As the candidate and skills shortage continues throughout most of the UK, many hiring managers are looking beyond candidate’s hard skills, and focusing on a new trait: cultural fit.
These employers are now realising that the skills needed for a role can be learnt either on the job, or through training provided, however factors such as individual values, work ethic, and performance are qualities that cannot be taught.
An increasing number of candidates are regularly being rejected from roles on the basis of “cultural fit”, but what does this mean? We take a look at what cultural fit is, the dangers of recruiting based on cultural fit, and why cultural fit is important during the recruitment process.
Cultural fit refers to how well employees or candidates can resonate and adapt to a company’s core values, mission statements, and ethics.
When a potential employer turns a candidate down for cultural fit, this means that during the interview, the interviewers were unable to see how the applicant reflected the values or beliefs of the business.
However, reasons for being turned down due to cultural fit should not include: when a worker is deemed “too old to fit in” with younger team members, if a female is rejected because it’s an all-male team, or if they practice a religion that may be different to others.
These reasons do not reflect on an individual’s level of performance nor their work ethic, and as such is discrimination.
Anyone who shares the same ideals, values, and aim towards the shared goal of the business, regardless of ethnicity, gender, age, etc… can fit into the culture of an office.
The culture of an office makes a huge impact in someone’s decision to stay with the business, and it’s because their staff not only love what they do, but love where they work and how the business operates.
Using cultural fit during the hiring process is not being discriminatory, nor does it affect diversity in the workplace. However, it shouldn’t be used as an excuse to cover up discrimination. Rejecting an older worker for not being able to fit in to an office with younger staff is not cultural fit – it’s ageism.
During the hiring process, companies are looking to see who is able to adapt to the company’s core values, beliefs, and mission statements. They want to gauge attitude to work, level of job performance, and personal motivations.
Ultimately, a team all on the same page, believing in the company’s values, and all working towards a shared team goal will lead to the workforce feeling happier, higher retention rates, and better productivity all round.
But there is a risk to using the term “cultural fit” when rejecting a candidate, as it is often used as a blanket term to disguise unconscious bias. When this happens, the candidate is not turned down because they didn’t demonstrate a certain work ethic or share the same ideals, but in fact because they’re not young enough, they don’t like football, or because they didn’t conform to the norm within the team.

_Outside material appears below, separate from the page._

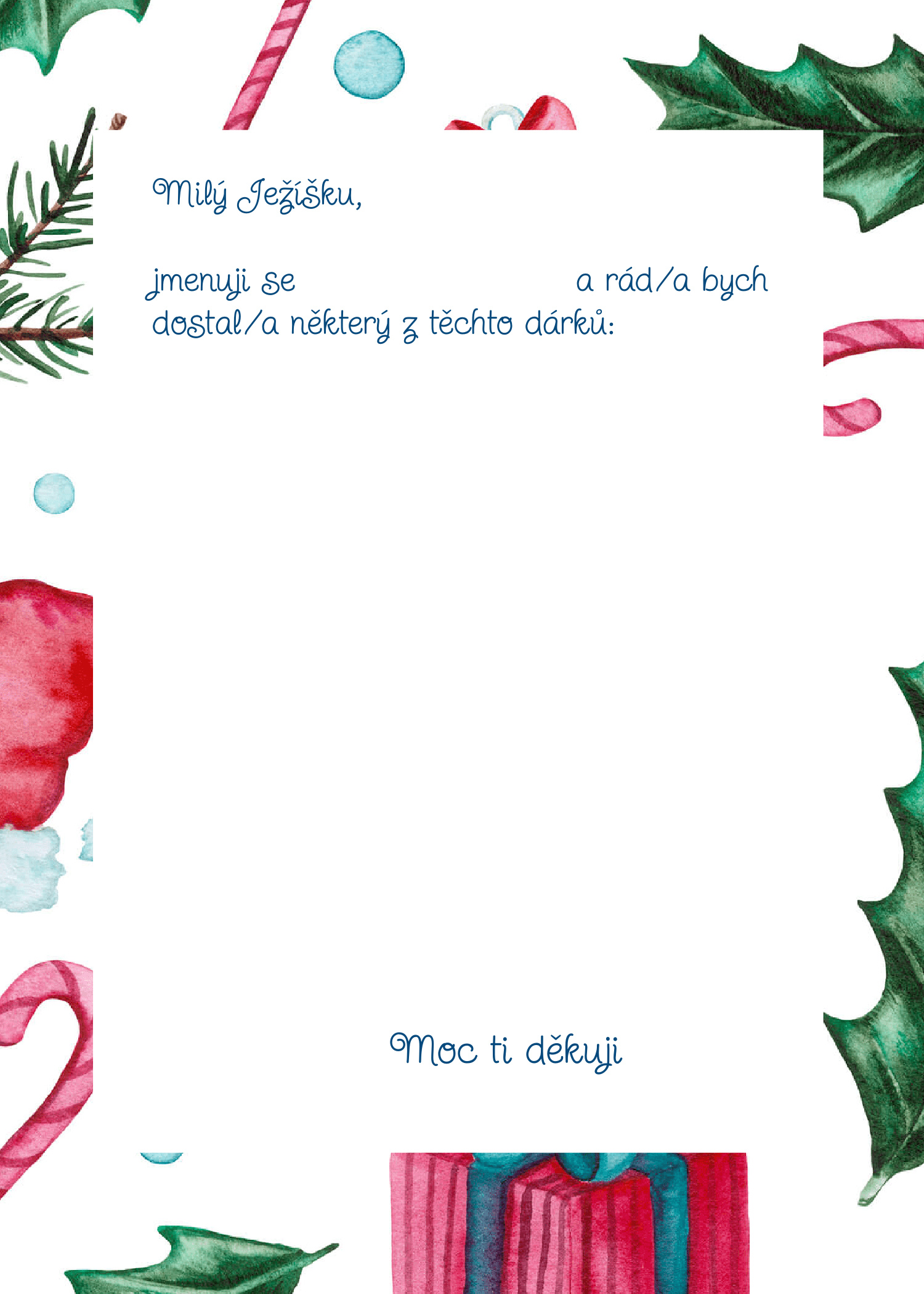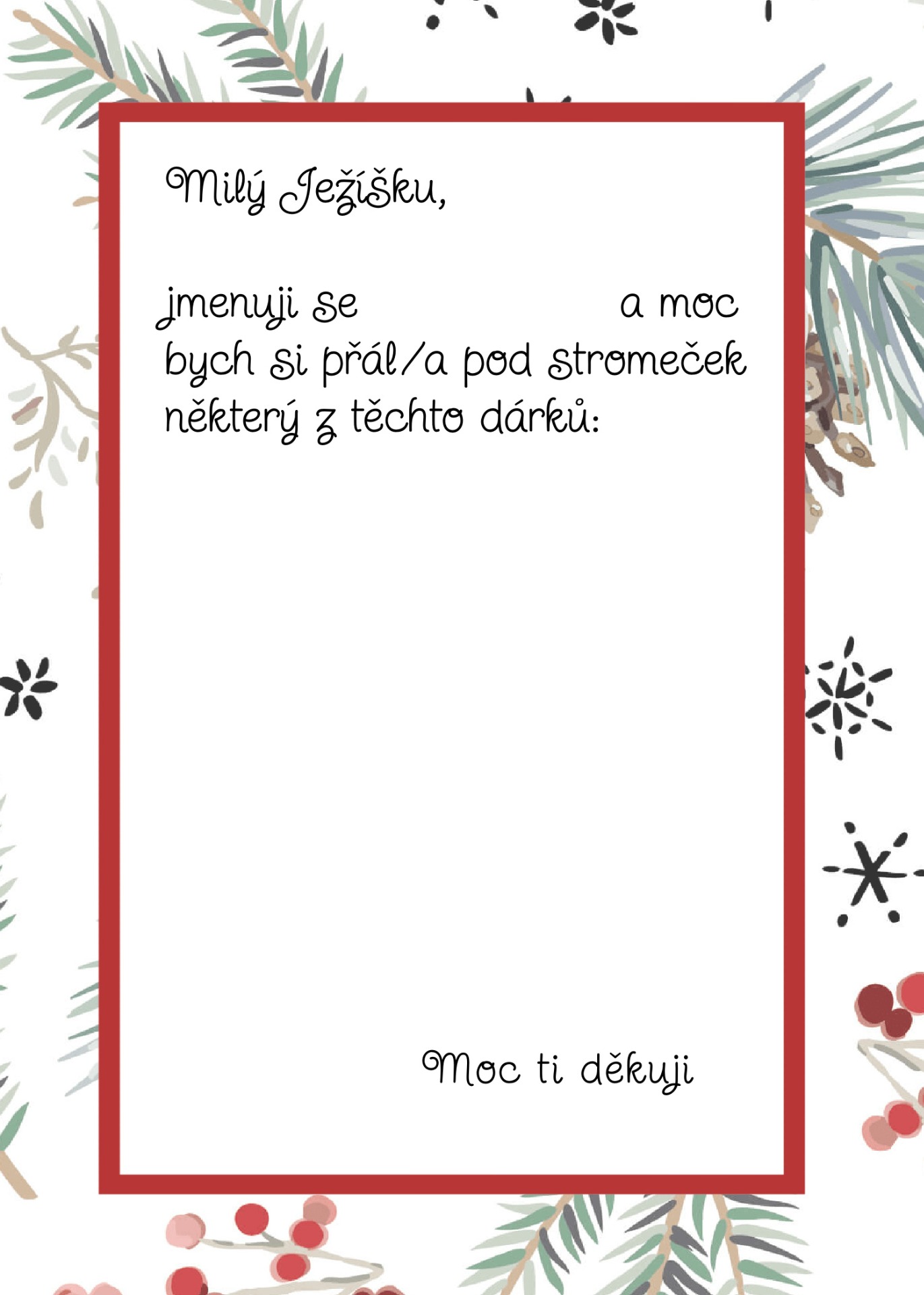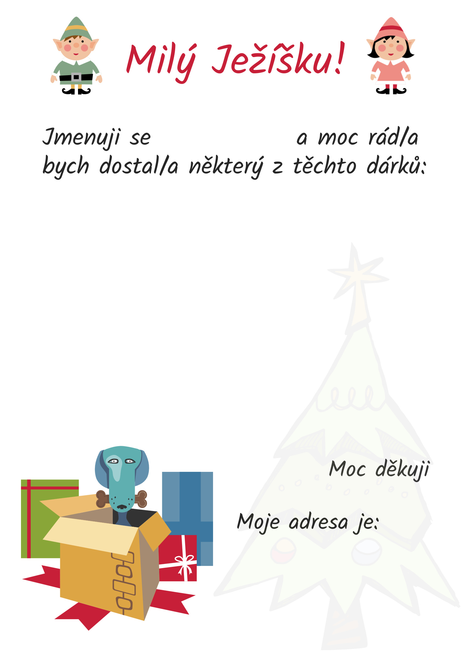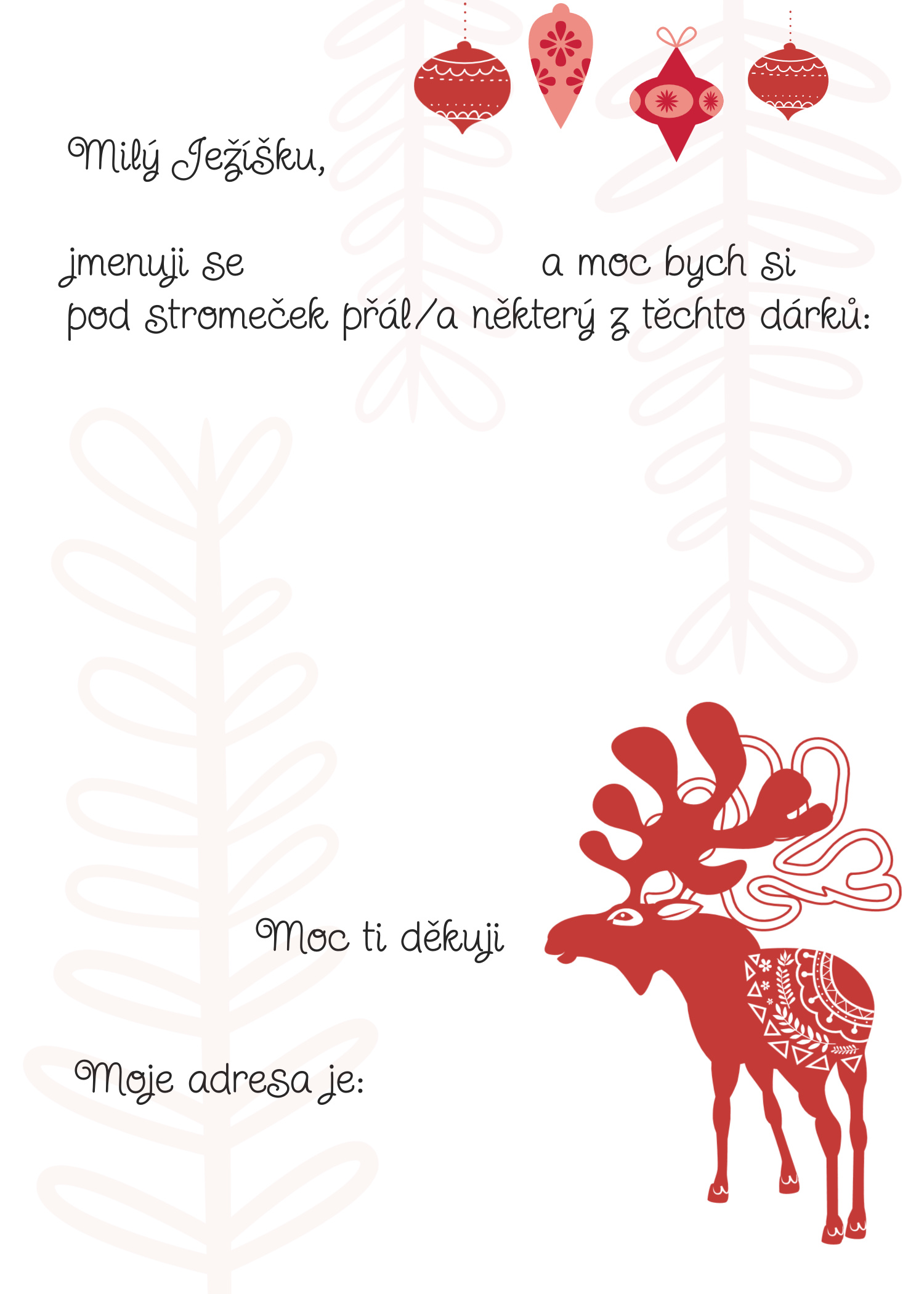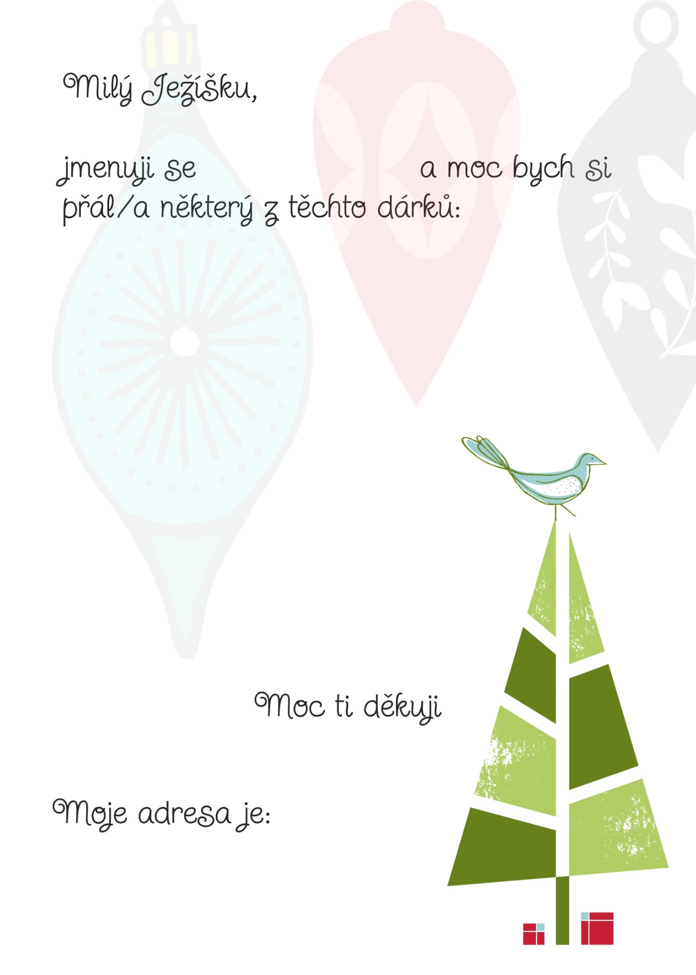 Rok se s rokem opět sešel a Vánoce už jemně klepou na dveře. Pokud jste Ježíškovi zatím nenapsali, vůbec nevadí — připravili jsme pro vás nové, krásné dopisy, které stačí jen stáhnout, vytisknout a vyplnit. Vyberte si ten, který se vám líbí nejvíc, a pak už jen čekejte, až si ho Ježíšek přijde vyzvednout. 🎄✨

It is equally as important for both candidates and clients to discuss cultural fit during the recruitment process.
Employers should attempt to get to know the candidate more as a person as well as previous experience and skills. Main motivators and ambitions are all indicators of how an interviewee enjoys working, will give a better insight into their own values and beliefs.
Candidates should also research the company prior to attending an interview to learn more about the cultural fit and aim to demonstrate how they can adapt and share the values of the company.
Cultural fit has become such an important factor in today’s recruitment, and when the right person is hired, they are more likely to stay within the organisation for a long period of time, meaning less cost to the business for turnover, improved productivity rates, and heightened job satisfaction all round.